◆ **Work item**: Word for word, transcribe the listing that follows, minus any pictures.

◆ **Data provided**:

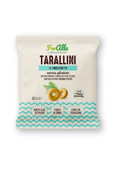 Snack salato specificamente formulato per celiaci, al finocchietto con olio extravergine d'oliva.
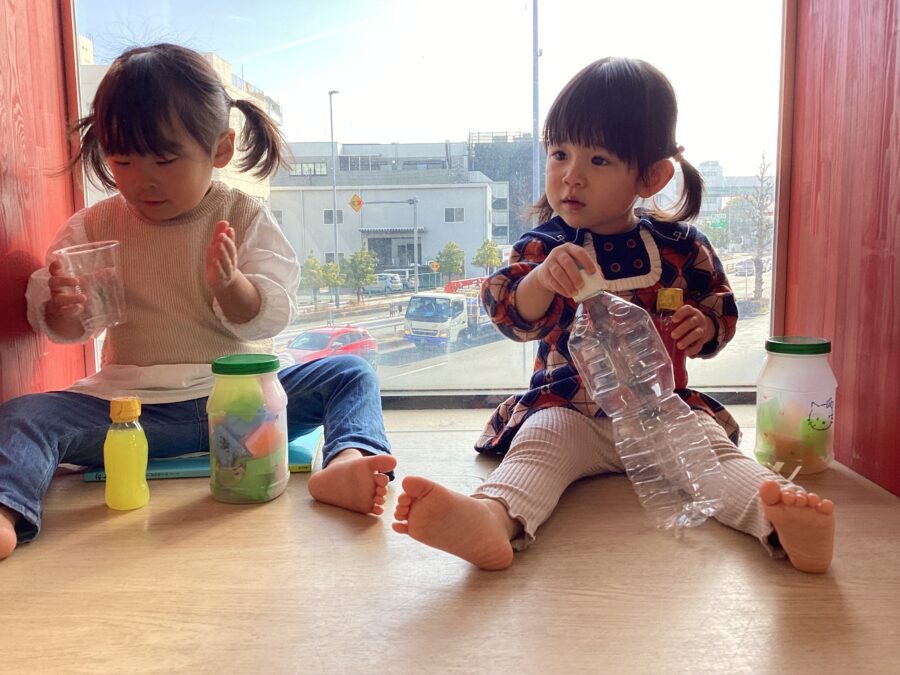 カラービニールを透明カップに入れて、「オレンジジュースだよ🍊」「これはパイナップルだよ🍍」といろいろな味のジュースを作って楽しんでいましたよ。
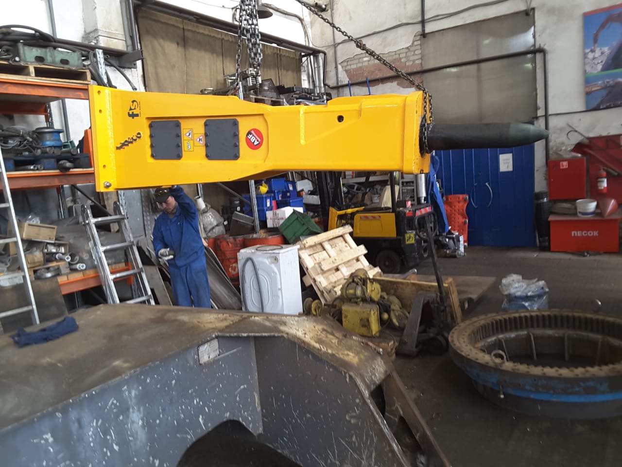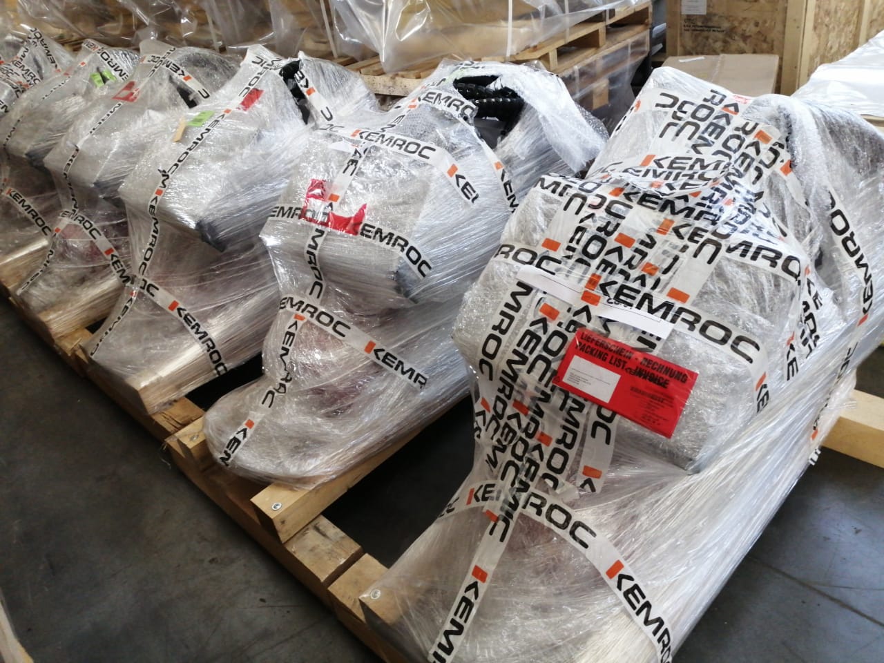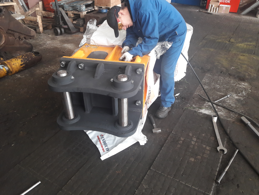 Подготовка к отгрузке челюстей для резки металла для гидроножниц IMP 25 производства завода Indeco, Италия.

◆ **Written answer**:
 Snack salato specificamente formulato per celiaci, al finocchietto con olio extravergine d'oliva.
 カラービニールを透明カップに入れて、「オレンジジュースだよ🍊」「これはパイナップルだよ🍍」といろいろな味のジュースを作って楽しんでいましたよ。
 Подготовка к отгрузке челюстей для резки металла для гидроножниц IMP 25 производства завода Indeco, Италия.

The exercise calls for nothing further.